◆ Task to complete: Restate the lines of the material below word for word, from the first through the one containing "Es hat so gut", and include nothing else; pictures stay out.

━━━ Records for the task ━━━

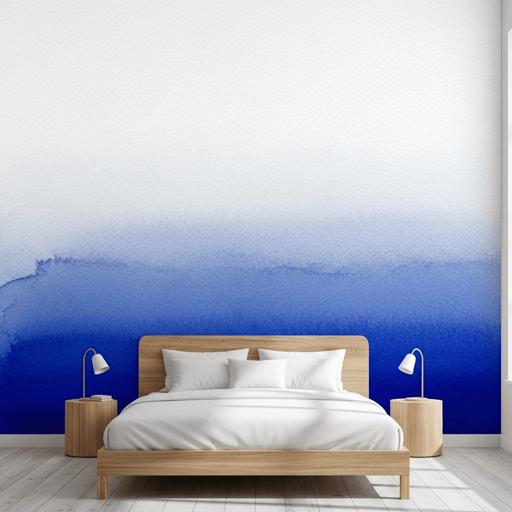 Install a wallpaper mural that fades from a deep ocean blue at the floor to a pale mist at the ceiling. This “ombre” effect is visually soothing and makes the room feel ethereal and vast.
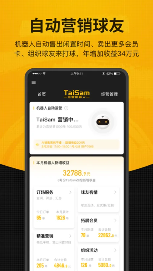 自动球友营销:机器人自动把闲置时间售出、卖出更多会员卡、组织球友来打球等,年新增收益34万元
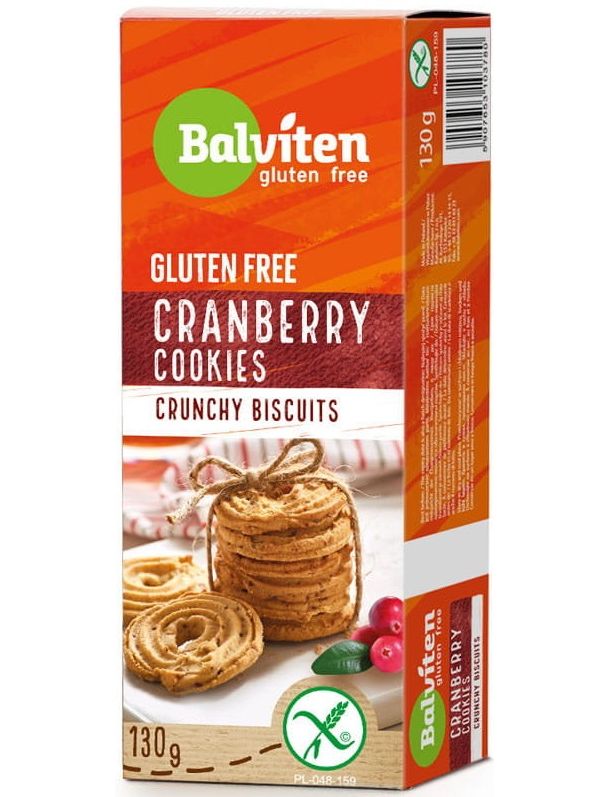 Склад: крохмаль кукурудзяний, рослинні олії: пальмова, ріпакова, пальмова частково гідрогенізована; кукурудзяне борошно, цукор, яйця, журавлина 7,5%, рисове борошно, картопляний крохмаль, сухе знежирене молоко, молочна начинка (цукор, повністю твердий пальмовий рослинний жир, сухе знежирене молоко, знежирене какао-порошок, лактоза (з молока), емульгатор: соєвий лецитин ; глюкозний сироп, ароматизатор: апельсиновий ароматизатор, розпушувач: бікарбонат амонію.
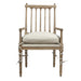 The craftsmanship is immediately evident with the slat-back Barnaby Chairs. Made of hand-crafted-pine wood and a natural finish that highlights the wood's grain, the Barnaby Armchair can be used to populate a dining table or as solo seating pieces at a desk or in a living space. The Barnaby Chairs come with a comfortable beige cushions that are secured by ties that decoratively wrap around the length of the legs.
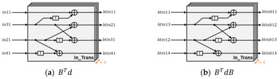 The input transform unit is composed of 4 + 4 In_Trans arrays. The input transformation architecture of the In_Trans arrays is shown in Figure 7. Each In_Trans array contains four addition operations and two negation operations.
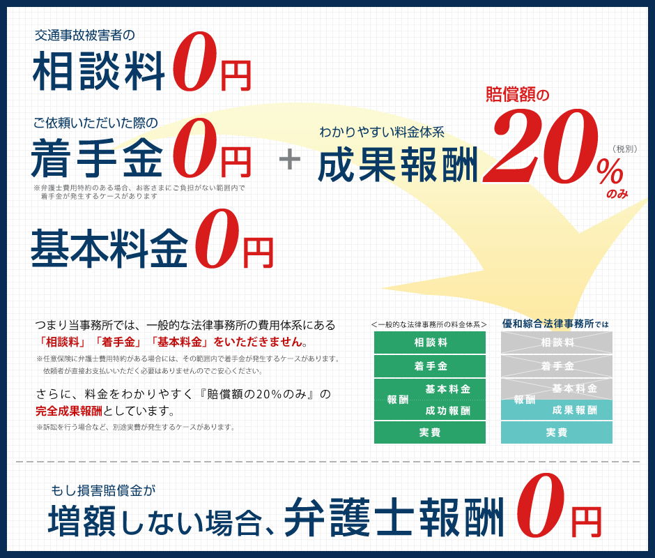 また着手金も無料です。費用のお支払いは示談金を受け取った後でも可能です。さらに、弁護士費用特約(※)の利用で弁護士費用の心配もありません。お気軽にご相談ください。
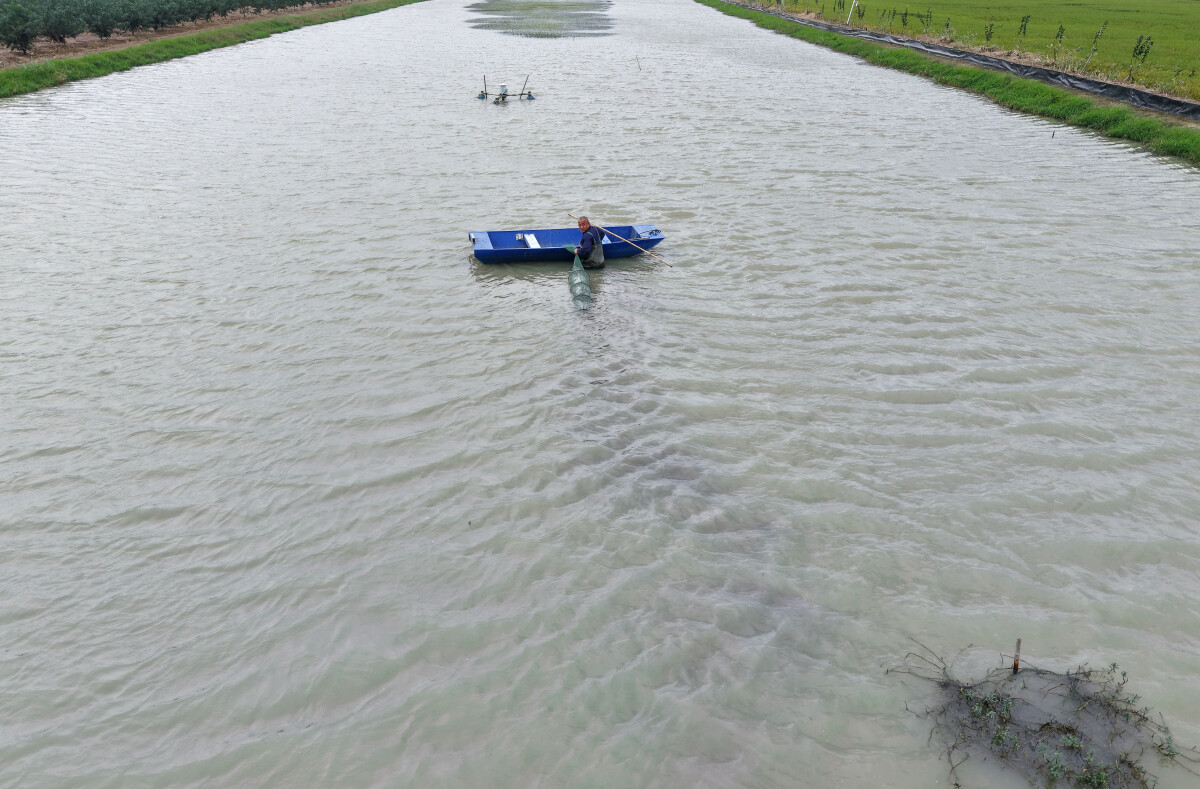 从1月投苗到10月收获,在超过10个月的养殖周期里,袁开满与爱人蒋芜凤将全部心血倾注于这片蟹塘。蟹塘底部的增氧系统和水车式增氧机在持续运作,塘埂上遍布他们日复一日巡塘的足迹。“每天凌晨起床,沿着塘边慢慢走一圈,蹲下来细看螃蟹的状态——这是我们多年不改的习惯。”
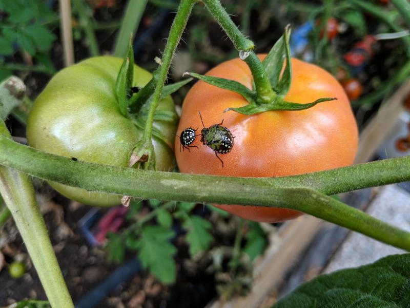 Es hat so gut begonnen mit den Tomaten und Fisolen und plötzlich sind die meisten Früchte einfach nur noch zum weg schmeißen. Tausend kleine Einstichwunden die die Früchte verschrumpeln, vertrocknen und faulen lassen. Mit jedem Stich wird eine Flüssigkeit injiziert die die Früchte ungenießbar macht. Schuld sind diese unschuldig dreinsehenden Gesellen. Grüne Reiswanzen in all ihren bunten Nymphenstadien gemischt mit den rein grünen adulten Tieren. Diesen Biestern ist einfach nicht Herr zu werden. So viele kann man gar nicht umbringen. Für jede die man killt kommen zwei Dutzend nach. >:(
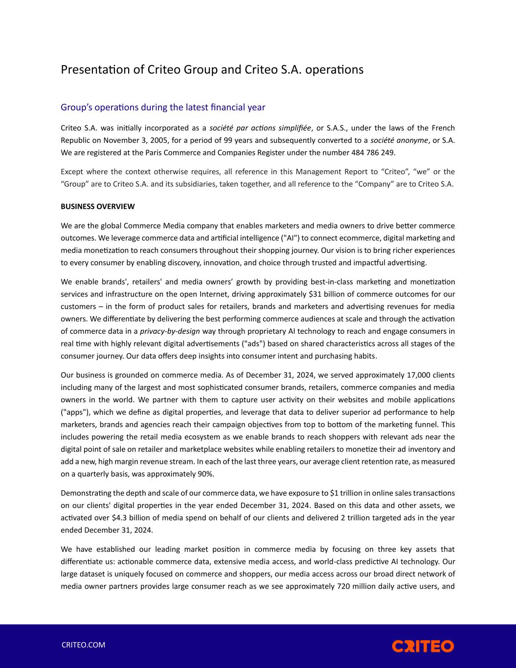CRITEO.COM Presentation of Criteo Group and Criteo S.A. operations Group’s operations during the latest financial year Criteo S.A. was initially incorporated as a société par actions simplifiée, or S.A.S., under the laws of the French Republic on November 3, 2005, for a period of 99 years and subsequently converted to a société anonyme, or S.A. We are registered at the Paris Commerce and Companies Register under the number 484 786 249. Except where the context otherwise requires, all reference in this Management Report to “Criteo”, “we” or the “Group” are to Criteo S.A. and its subsidiaries, taken together, and all reference to the “Company” are to Criteo S.A. BUSINESS OVERVIEW We are the global Commerce Media company that enables marketers and media owners to drive better commerce outcomes. We leverage commerce data and artificial intelligence ("AI") to connect ecommerce, digital marketing and media monetization to reach consumers throughout their shopping journey. Our vision is to bring richer experiences to every consumer by enabling discovery, innovation, and choice through trusted and impactful advertising. We enable brands', retailers' and media owners’ growth by providing best-in-class marketing and monetization services and infrastructure on the open Internet, driving approximately $31 billion of commerce outcomes for our customers – in the form of product sales for retailers, brands and marketers and advertising revenues for media owners. We differentiate by delivering the best performing commerce audiences at scale and through the activation of commerce data in a privacy-by-design way through proprietary AI technology to reach and engage consumers in real time with highly relevant digital advertisements ("ads") based on shared characteristics across all stages of the consumer journey. Our data offers deep insights into consumer intent and purchasing habits. Our business is grounded on commerce media. As of December 31, 2024, we served approximately 17,000 clients including many of the largest and most sophisticated consumer brands, retailers, commerce companies and media owners in the world. We partner with them to capture user activity on their websites and mobile applications ("apps"), which we define as digital properties, and leverage that data to deliver superior ad performance to help marketers, brands and agencies reach their campaign objectives from top to bottom of the marketing funnel. This includes powering the retail media ecosystem as we enable brands to reach shoppers with relevant ads near the digital point of sale on retailer and marketplace websites while enabling retailers to monetize their ad inventory and add a new, high margin revenue stream. In each of the last three years, our average client retention rate, as measured on a quarterly basis, was approximately 90%. Demonstrating the depth and scale of our commerce data, we have exposure to $1 trillion in online sales transactions on our clients' digital properties in the year ended December 31, 2024. Based on this data and other assets, we activated over $4.3 billion of media spend on behalf of our clients and delivered 2 trillion targeted ads in the year ended December 31, 2024. We have established our leading market position in commerce media by focusing on three key assets that differentiate us: actionable commerce data, extensive media access, and world-class predictive AI technology. Our large dataset is uniquely focused on commerce and shoppers, our media access across our broad direct network of media owner partners provides large consumer reach as we see approximately 720 million daily active users, and

━━━

◆ Result of this task:
 Install a wallpaper mural that fades from a deep ocean blue at the floor to a pale mist at the ceiling. This “ombre” effect is visually soothing and makes the room feel ethereal and vast.
 自动球友营销:机器人自动把闲置时间售出、卖出更多会员卡、组织球友来打球等,年新增收益34万元
 Склад: крохмаль кукурудзяний, рослинні олії: пальмова, ріпакова, пальмова частково гідрогенізована; кукурудзяне борошно, цукор, яйця, журавлина 7,5%, рисове борошно, картопляний крохмаль, сухе знежирене молоко, молочна начинка (цукор, повністю твердий пальмовий рослинний жир, сухе знежирене молоко, знежирене какао-порошок, лактоза (з молока), емульгатор: соєвий лецитин ; глюкозний сироп, ароматизатор: апельсиновий ароматизатор, розпушувач: бікарбонат амонію.
 The craftsmanship is immediately evident with the slat-back Barnaby Chairs. Made of hand-crafted-pine wood and a natural finish that highlights the wood's grain, the Barnaby Armchair can be used to populate a dining table or as solo seating pieces at a desk or in a living space. The Barnaby Chairs come with a comfortable beige cushions that are secured by ties that decoratively wrap around the length of the legs.
 The input transform unit is composed of 4 + 4 In_Trans arrays. The input transformation architecture of the In_Trans arrays is shown in Figure 7. Each In_Trans array contains four addition operations and two negation operations.
 また着手金も無料です。費用のお支払いは示談金を受け取った後でも可能です。さらに、弁護士費用特約(※)の利用で弁護士費用の心配もありません。お気軽にご相談ください。
 从1月投苗到10月收获,在超过10个月的养殖周期里,袁开满与爱人蒋芜凤将全部心血倾注于这片蟹塘。蟹塘底部的增氧系统和水车式增氧机在持续运作,塘埂上遍布他们日复一日巡塘的足迹。“每天凌晨起床,沿着塘边慢慢走一圈,蹲下来细看螃蟹的状态——这是我们多年不改的习惯。”
 Es hat so gut begonnen mit den Tomaten und Fisolen und plötzlich sind die meisten Früchte einfach nur noch zum weg schmeißen. Tausend kleine Einstichwunden die die Früchte verschrumpeln, vertrocknen und faulen lassen. Mit jedem Stich wird eine Flüssigkeit injiziert die die Früchte ungenießbar macht. Schuld sind diese unschuldig dreinsehenden Gesellen. Grüne Reiswanzen in all ihren bunten Nymphenstadien gemischt mit den rein grünen adulten Tieren. Diesen Biestern ist einfach nicht Herr zu werden. So viele kann man gar nicht umbringen. Für jede die man killt kommen zwei Dutzend nach. >:(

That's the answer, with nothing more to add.